La tuberculose et le COVID-19 doivent faire l’objet d’un dépistage simultané. Ces deux maladies touchent les poumons et entraînent des symptômes similaires, et les mêmes outils peuvent être utilisés pour diagnostiquer les deux maladies.

En dépistant simultanément le COVID-19 et la tuberculose, nous pouvons améliorer le diagnostic précoce et adapter le traitement pour les deux maladies. Le dispositif de riposte au COVID-19 du Fonds mondial permet déjà de financer la mise en œuvre du dépistage bidirectionnel dans de nombreux pays.

À Mumbai, Truenat, un outil conçu et produit en Inde, est utilisé pour diagnostiquer à la fois le COVID-19 et la tuberculose.
Copyright: Le Fonds mondial / Atul Loke / Panos

Le traitement contre la tuberculose pharmacorésistante doit également être décentralisé de toute urgence et rendu accessible dans les communautés et au domicile des patients. C’est un traitement qui est épuisant. Les patients doivent prendre quotidiennement des médicaments qui ont des effets secondaires sévères pendant une durée pouvant aller jusqu’à deux ans, ou recevoir des injections pendant les six premiers mois de traitement ; ils sont parfois hospitalisés pendant plusieurs mois. Pour les patients les plus pauvres ou qui vivent dans les zones les plus reculées – qui sont aussi les plus fréquemment atteints de tuberculose pharmacorésistante – se rendre dans une clinique chaque jour pendant deux ans est extrêmement difficile ; avec la pandémie de COVID-19, c’est la plupart du temps impossible. 

Mais il existe de nouveaux traitements plus courts, qui se prennent par voie orale et qui ont moins d’effets secondaires. Il est urgent que ces traitements soient proposés à toutes les personnes souffrant de tuberculose pharmacorésistante, directement chez elles, et soient accompagnés d’autres services, tels qu’un soutien psychologique et un accompagnement nutritionnel. Si possible, un suivi, un contrôle et un accompagnement à distance par SMS et par appels vidéo doivent être mis en place. 

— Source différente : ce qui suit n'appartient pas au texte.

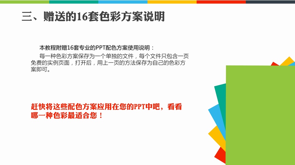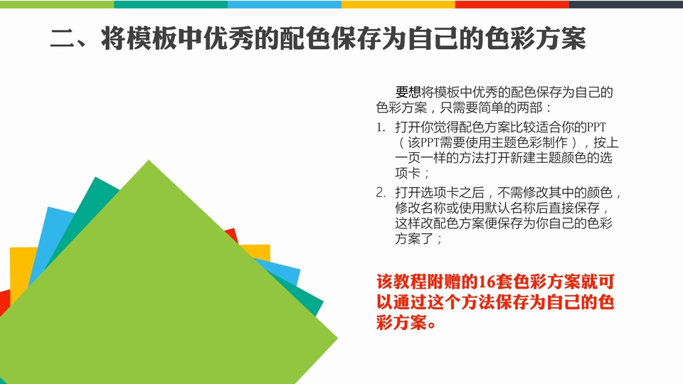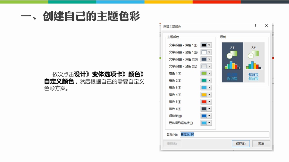 导读:主题色实用技巧(赠送16套全新色彩方案),一、创建自己的主题色彩,依次点击设计》变体选项卡》颜色》自定义颜色,然后根据自己的需要自定义色彩方案;二、将模板中优秀的配色保存为自己的色彩方案,要想将模板中优秀的配色保存为自己的色彩方案,只需要简单的两部:打开你觉得配色方案比较适合你的PPT(该PPT需要使用主题色彩制作),按上一页一样的方法打开新建主题颜色的选项卡;打开选项卡之后,不需修改其中的颜色,修改名称或使用默认名称后直接保存,这样改配色方案便保存为你自己的色彩方案了;

A radical shift is needed in diagnosis and treatment if we are going to make up the ground we have lost due to COVID-19.

Un changement radical des méthodes de dépistage et de traitement doit être opéré pour nous permettre de rattraper le retard que nous avons accumulé à cause du COVID-19.

Enfin, nous devons utiliser les nouvelles technologies pour faire remonter les données en temps réel. Avec le COVID-19, nous avons vu que c’était possible ; mais pour la tuberculose, l’Inde est l’unique pays à collecter et transmettre des données en temps réel. La communication en temps réel des données relatives aux cas doit devenir la norme partout, à commencer par les pays les plus touchés par la maladie. Grâce à cette pratique, la riposte sera plus éclairée et plus agile.

Les effets du COVID-19 sur la lutte contre la tuberculose sont alarmants, mais j’ai bon espoir qu’ils soient réversibles. S’il y a un véritable engagement, notamment une augmentation des financements, et si des mesures sont prises dès maintenant, nous pourrons progresser plus vite.

Mais le temps joue contre nous. Si nous n’agissons pas maintenant, nous paierons le prix fort dans quelque temps – non seulement il sera extrêmement coûteux de revenir sur la bonne voie, mais le tribut payé à la maladie sera trop lourd.